Commit Graph

7 Commits

Author SHA1 Message Date
8b67718bf2 Fix C7 TLS SLL corruption: Protect next pointer from user data overwrites
## Root Cause
C7 (1024B allocations, 2048B stride) was using offset=1 for freelist next
pointers, storing them at `base[1..8]`. Since user pointer is `base+1`, users
could overwrite the next pointer area, corrupting the TLS SLL freelist.

## The Bug Sequence
1. Block freed → TLS SLL push stores next at `base[1..8]`
2. Block allocated → User gets `base+1`, can modify `base[1..2047]`
3. User writes data → Overwrites `base[1..8]` (next pointer area!)
4. Block freed again → tiny_next_load() reads garbage from `base[1..8]`
5. TLS SLL head becomes invalid (0xfe, 0xdb, 0x58, etc.)

## Why This Was Reverted
Previous fix (C7 offset=0) was reverted with comment:
  "C7も header を保持して class 判別を壊さないことを優先"
  (Prioritize preserving C7 header to avoid breaking class identification)

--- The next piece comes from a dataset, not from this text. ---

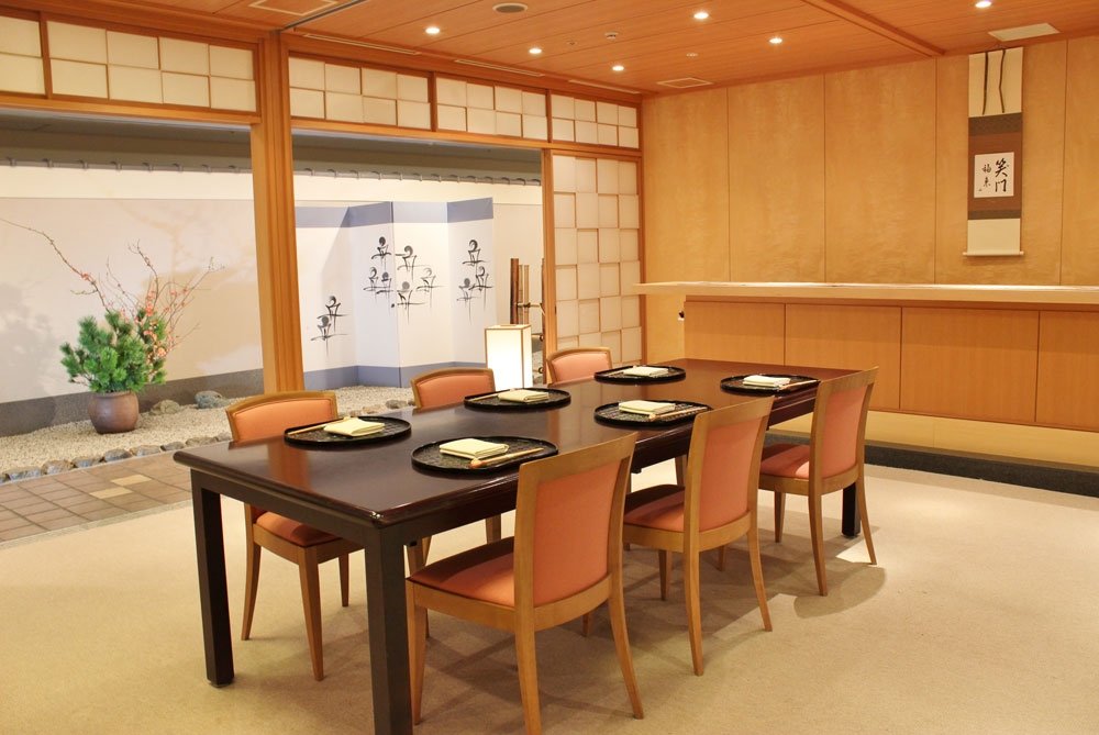 ※ダイニングの逸品料理、鉄板焼「祇園」、天婦羅「嵯峨野」、寿司「清水」のお料理は各コーナーでのご提供とさせていただいております。個室でのご用意はございませんので、あらかじめご了承ください。

This reasoning was FLAWED because:
- Header IS restored during allocation (HAK_RET_ALLOC), not freelist ops
- Class identification at free time reads from ptr-1 = base[0] (after restoration)
- During freelist, header CAN be sacrificed (not visible to user)
- The revert CREATED the race condition by exposing base[1..8] to user

## Fix Applied

### 1. Revert C7 offset to 0 (tiny_nextptr.h:54)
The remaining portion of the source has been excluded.